Our differences boiled over when we were putting the finishing touches on the manuscript. I wrote Fran a warmer, more personal introduction than the one she evidently wanted. It contained all of her darling little stories, like the one about the 82-year-old French woman with whom she took cooking classes in San Francisco and the chef’s accordion-playing husband. I still smile, thinking about it.

But when she returned the intro to me with every word crossed out,  including my name, which belonged on the cover, I had had enough. As I told my shrink at the time, if I’m miserable sucking on caramels all day long and writing about it, my food-writing career must be over. After I got my name back on the cover, I never looked back.

Piper brought no such baggage to our Sunday morning madeleine-making session. That week, I sent Joe a shopping list that included special equipment: a pastry bag with plain tips, and of course, a madeleine tin with shell-shaped little troughs to hold the batter. Piper was not intimidated at all by the idea of using a pastry bag for the first time. I, on the other hand, become anxious around any fancy tool or technique.

But Piper’s love for chocolate is pure. Watching her make madeleines on screen, I was impressed by how much her skills had improved since we started eight months ago. Her pastry-piping technique was perhaps better than mine. Just by watching and repeating, my little girl was now piping a batter with little to no help and making perfect madeleines. All while staying calm, collected, and keeping up her end of the conversation. Quelle jeune fille!

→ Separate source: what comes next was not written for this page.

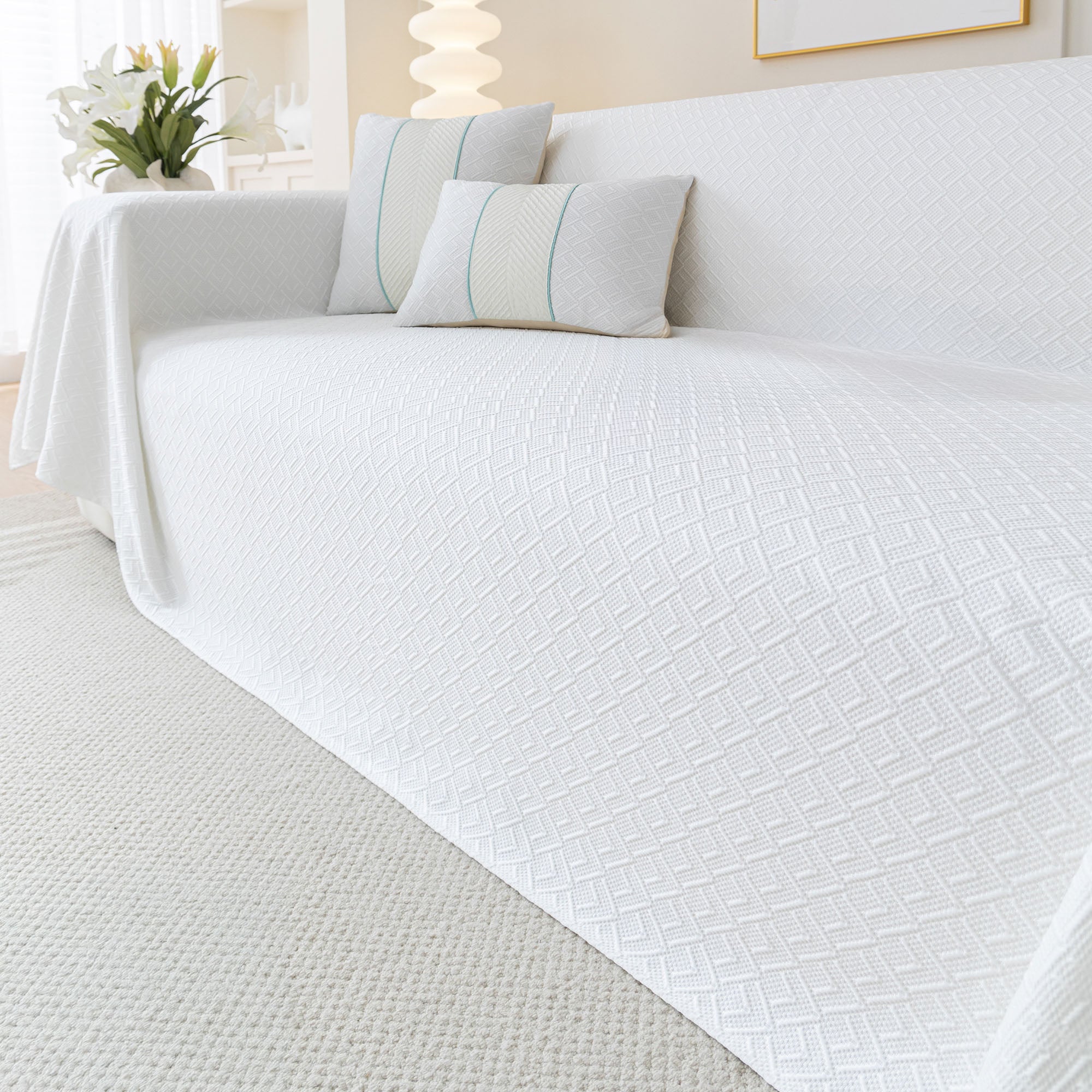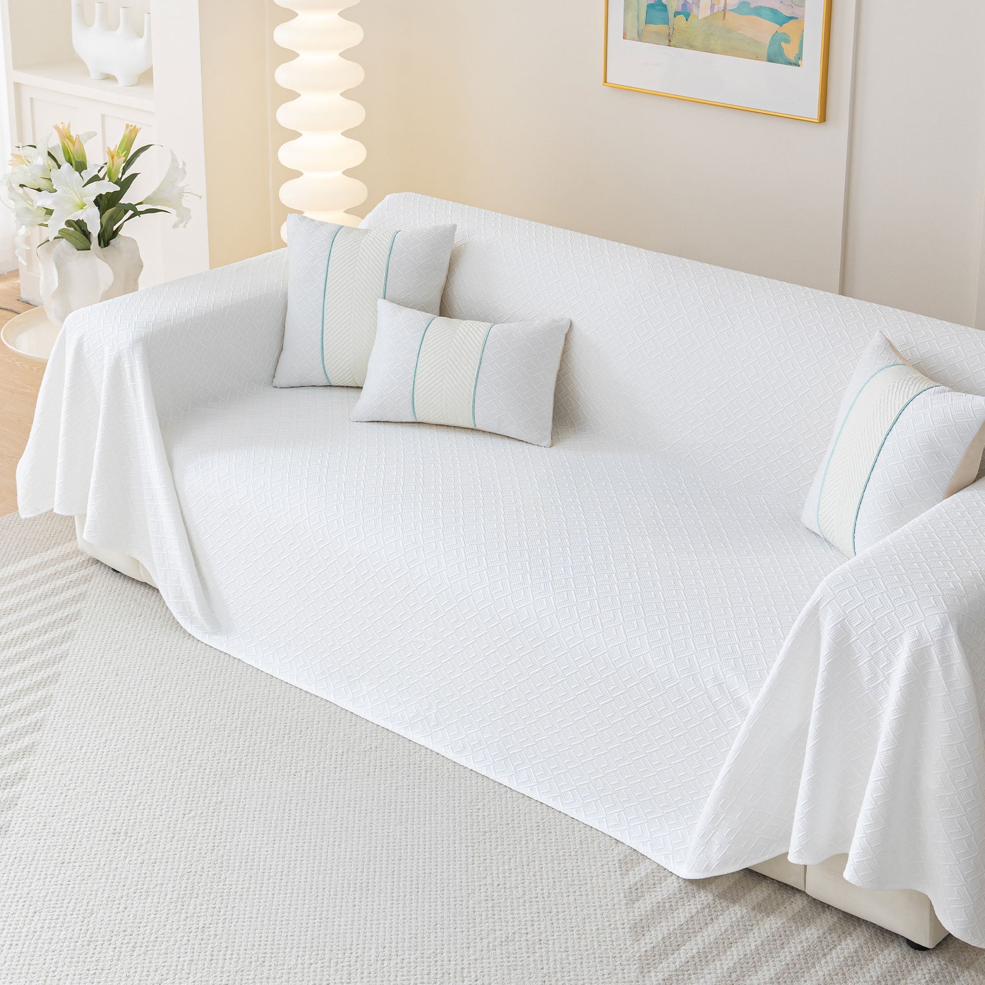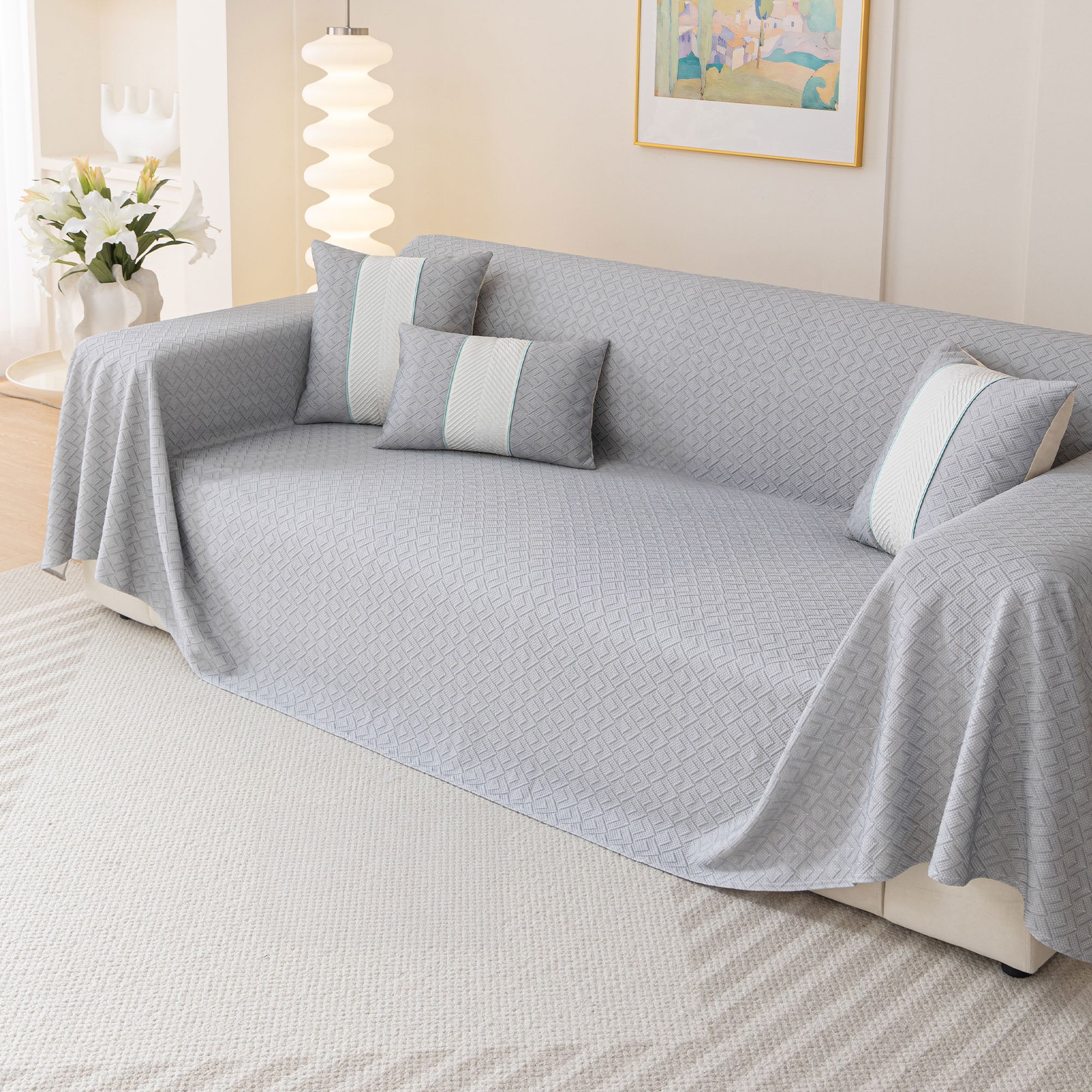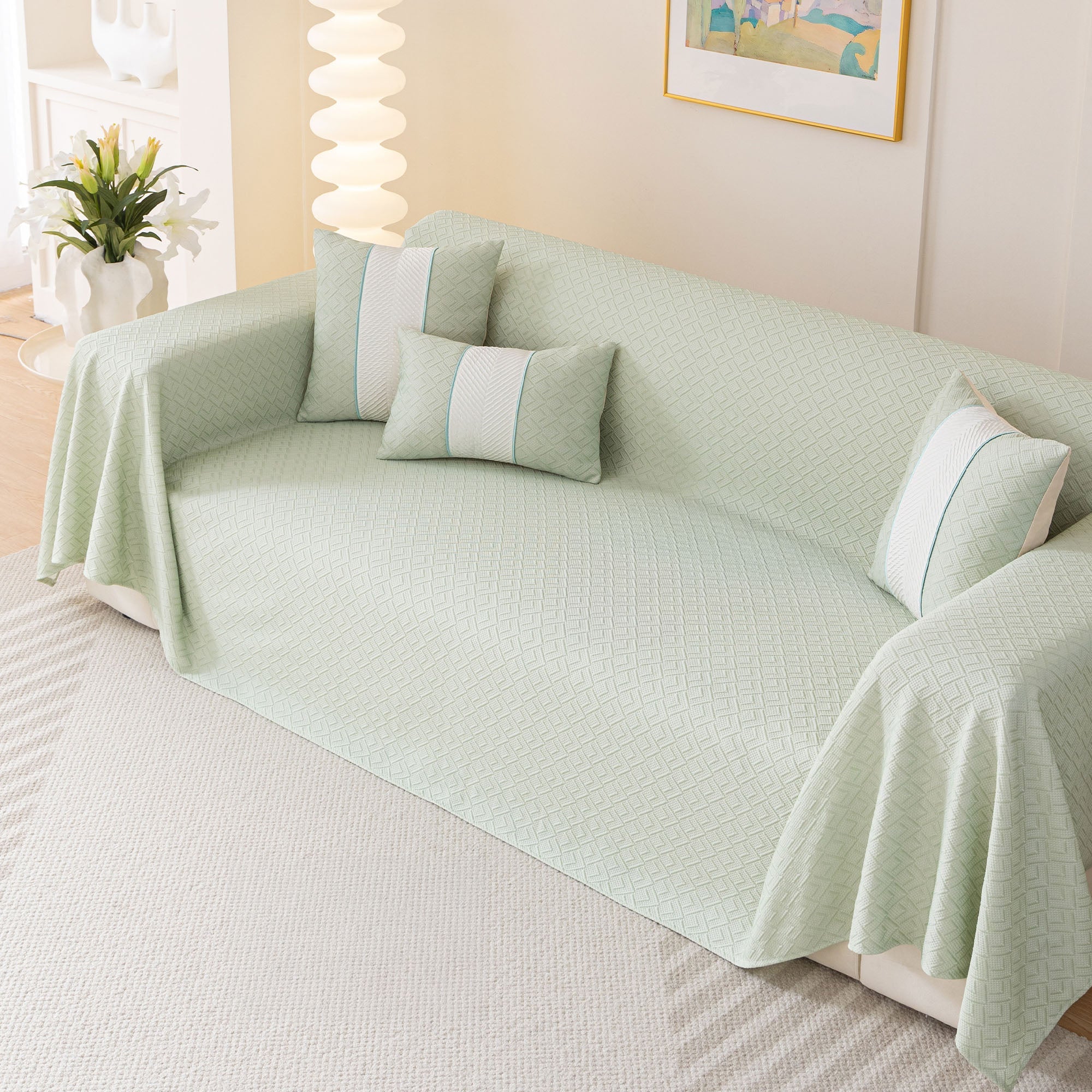 Chłodzący, geometryczny, pikowany, nowoczesny, wielokolorowy wzór, miękki, przyjazny dla zwierząt, trwały pokrowiec na sofę – minimalistyczny, teksturowany, bezproblemowy ochraniacz na kanapę

Postscript: In the next week’s debrief Piper told me “the second batch came out much better than the first.” An extra minute in the oven can make the difference between moist and dry, as bakers know. Pas grand chose. Just eat the first batch immediately and wash down with milk, coffee, or a Proustian cup of tea!

Recipe from Pure Chocolate by Fran Bigelow with Helene Siegel

The taste test

The taste test

RECIPE

Chocolate Madeleines

1 ½ sticks unsalted butter

2 Tbsps butter for coating

6 ounces semisweet chocolate, finely chopped

3 large eggs

1/2 cup plus 2 Tbsps sugar

1 tsp vanilla

1 cup cake flour

1/2 tsp baking powder

1/4 cup Dutch cocoa


Generously coat the madeleine pan with butter, even the non-stick variety.

Melt the butter and set aside to cool.

Melt the chocolate in the top of a double boiler. Set aside to cool.

In a mixer with balloon whisk, add the eggs and sugar. Whisk on high speed until thick and pale yellow, 3 to 5 minutes. Whisk in the vanilla. 

Remove the bowl, and with a rubber spatula fold in melted chocolate.

In another bowl, sift together cake flour, baking powder, and cocoa. Gently fold into the chocolate mixture. Add cooled butter and fold until the batter is smooth and uniform. Cover and chill for 20 minutes.

Move the rack to the middle of the oven. Preheat oven to 425F. 

Place chilled batter in a pastry bag fitted with a large tip, about 1/2 inch. If you don’t have a tip, just cut a slit in the bottom point of the bag.

Holding the bag vertically, and twisting the top to create pressure, pipe the batter into the molds until 3/4 full.

Proper piping, Paris shop window, September 2019.

Proper piping, Paris shop window, September 2019.

Place in the oven and bake for 7 to 10 mins, until peaked in center and crisp on the edges. Immediately turn out of pans onto racks to cool. Store in sealed containers.